YOUR INSTRUCTIONS: Please repeat, exactly and without pictures, the lines of the entries below that run from the one containing "自動車用ガソリン、ホワイトガソリン、ガスボンベ(OD缶)が使えます。" through the one containing "Unsere Live Long".

GIVEN DATA:
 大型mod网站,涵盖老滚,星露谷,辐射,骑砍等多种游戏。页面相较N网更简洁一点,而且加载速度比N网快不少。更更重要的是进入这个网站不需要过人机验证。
---
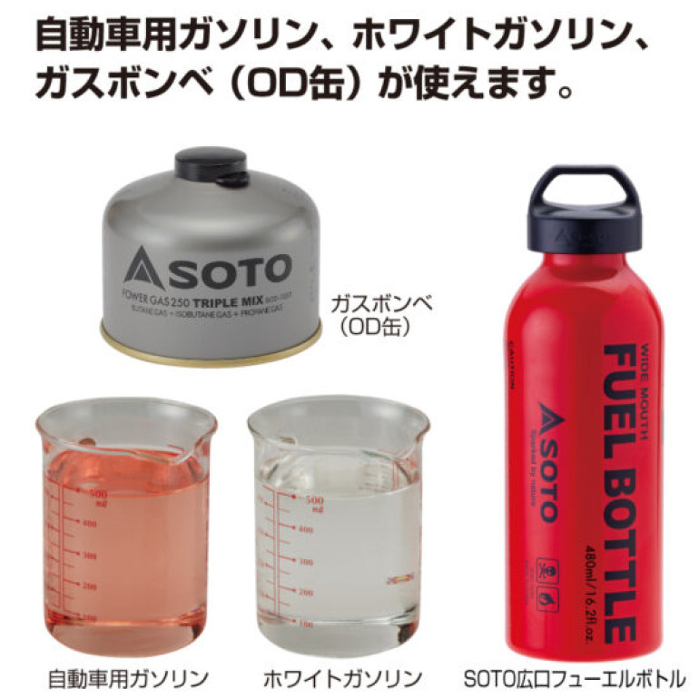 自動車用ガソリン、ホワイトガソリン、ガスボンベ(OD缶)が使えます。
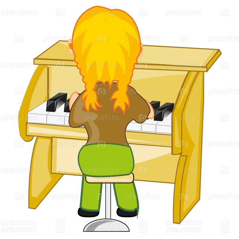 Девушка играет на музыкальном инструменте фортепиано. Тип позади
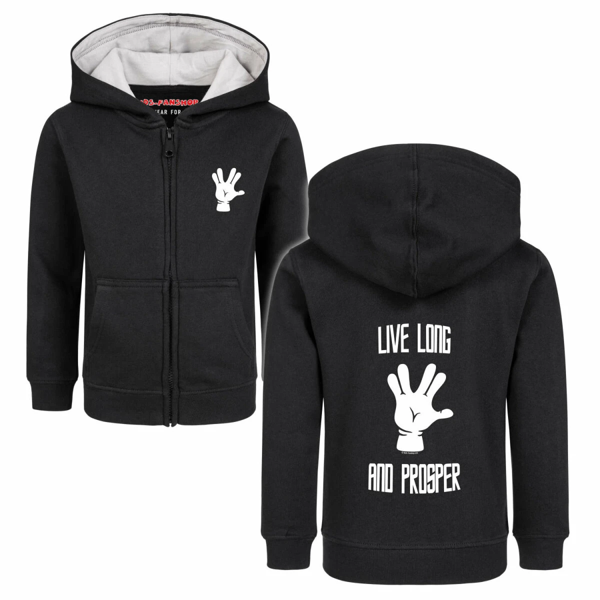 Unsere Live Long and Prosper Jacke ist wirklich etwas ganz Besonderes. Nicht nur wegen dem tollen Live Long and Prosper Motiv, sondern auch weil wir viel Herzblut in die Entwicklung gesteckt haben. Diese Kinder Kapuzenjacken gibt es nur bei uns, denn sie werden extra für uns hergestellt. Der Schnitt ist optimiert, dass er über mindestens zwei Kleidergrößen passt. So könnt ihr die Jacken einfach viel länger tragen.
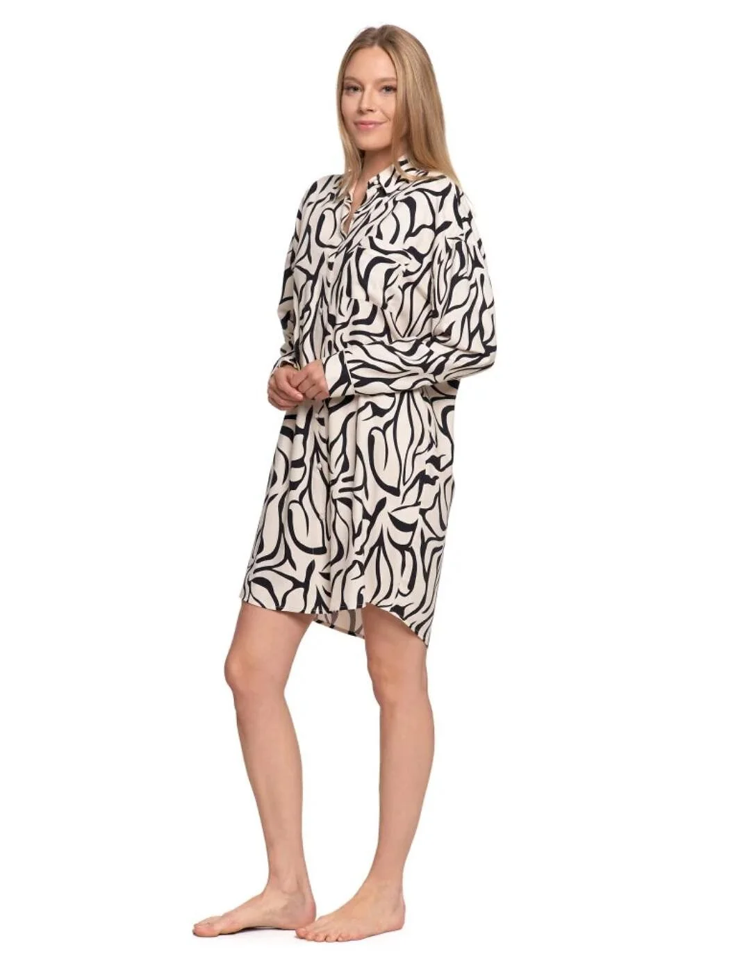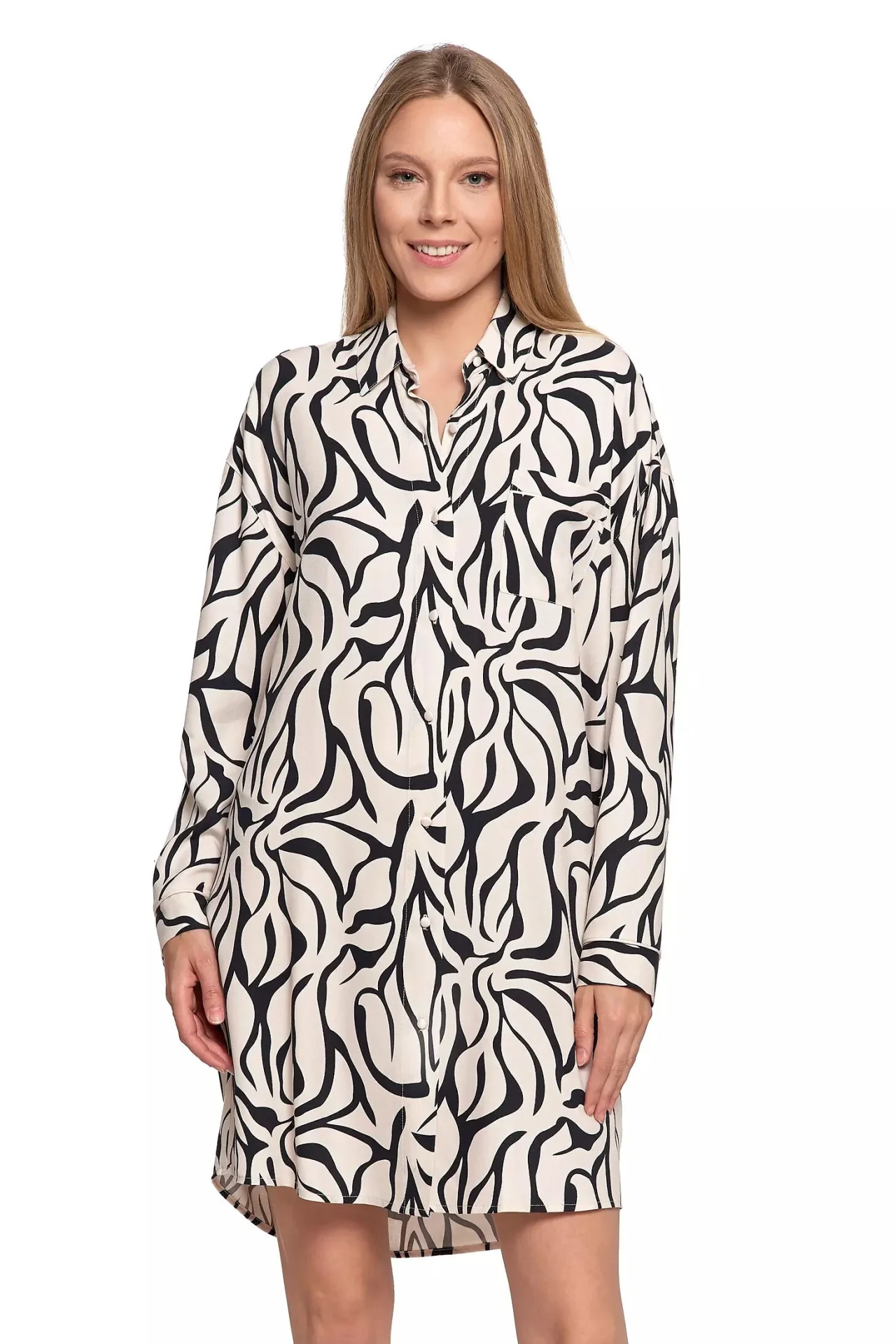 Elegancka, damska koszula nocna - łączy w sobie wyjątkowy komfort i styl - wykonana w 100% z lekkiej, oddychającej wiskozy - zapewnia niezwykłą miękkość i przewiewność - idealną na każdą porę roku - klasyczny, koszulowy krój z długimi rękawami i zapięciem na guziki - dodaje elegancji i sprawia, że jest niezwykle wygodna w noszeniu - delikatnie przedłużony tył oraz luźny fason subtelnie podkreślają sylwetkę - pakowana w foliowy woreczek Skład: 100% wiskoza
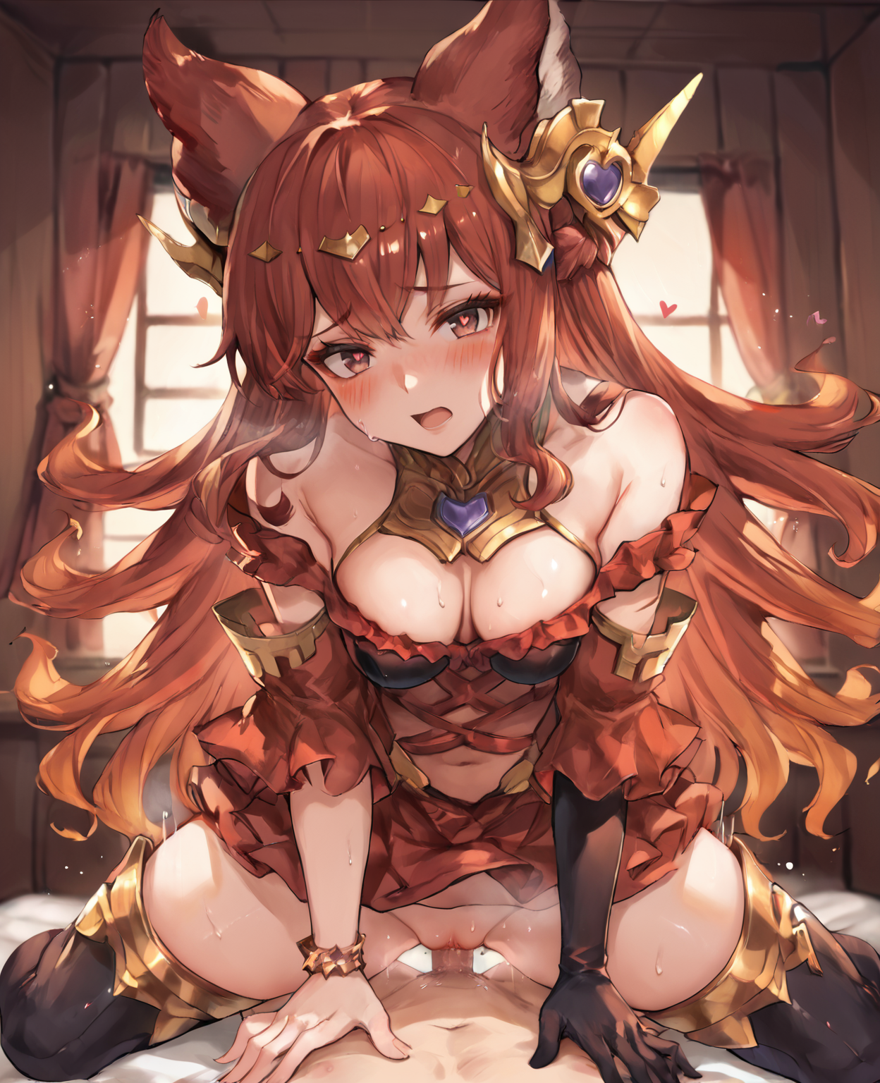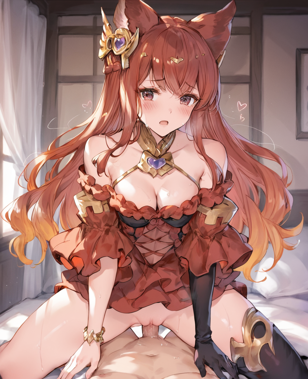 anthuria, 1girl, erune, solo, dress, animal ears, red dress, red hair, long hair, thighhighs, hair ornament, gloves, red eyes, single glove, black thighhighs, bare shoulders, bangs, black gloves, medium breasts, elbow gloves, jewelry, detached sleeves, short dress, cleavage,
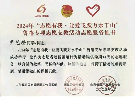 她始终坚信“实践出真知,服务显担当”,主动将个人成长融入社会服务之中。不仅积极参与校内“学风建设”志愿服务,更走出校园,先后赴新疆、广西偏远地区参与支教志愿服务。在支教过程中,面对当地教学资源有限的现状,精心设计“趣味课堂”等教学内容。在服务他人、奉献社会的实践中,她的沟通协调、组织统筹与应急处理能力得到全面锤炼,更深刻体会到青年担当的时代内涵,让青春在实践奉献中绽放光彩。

OUTPUT OF THE EXERCISE:
 自動車用ガソリン、ホワイトガソリン、ガスボンベ(OD缶)が使えます。
 Девушка играет на музыкальном инструменте фортепиано. Тип позади
 Unsere Live Long and Prosper Jacke ist wirklich etwas ganz Besonderes. Nicht nur wegen dem tollen Live Long and Prosper Motiv, sondern auch weil wir viel Herzblut in die Entwicklung gesteckt haben. Diese Kinder Kapuzenjacken gibt es nur bei uns, denn sie werden extra für uns hergestellt. Der Schnitt ist optimiert, dass er über mindestens zwei Kleidergrößen passt. So könnt ihr die Jacken einfach viel länger tragen.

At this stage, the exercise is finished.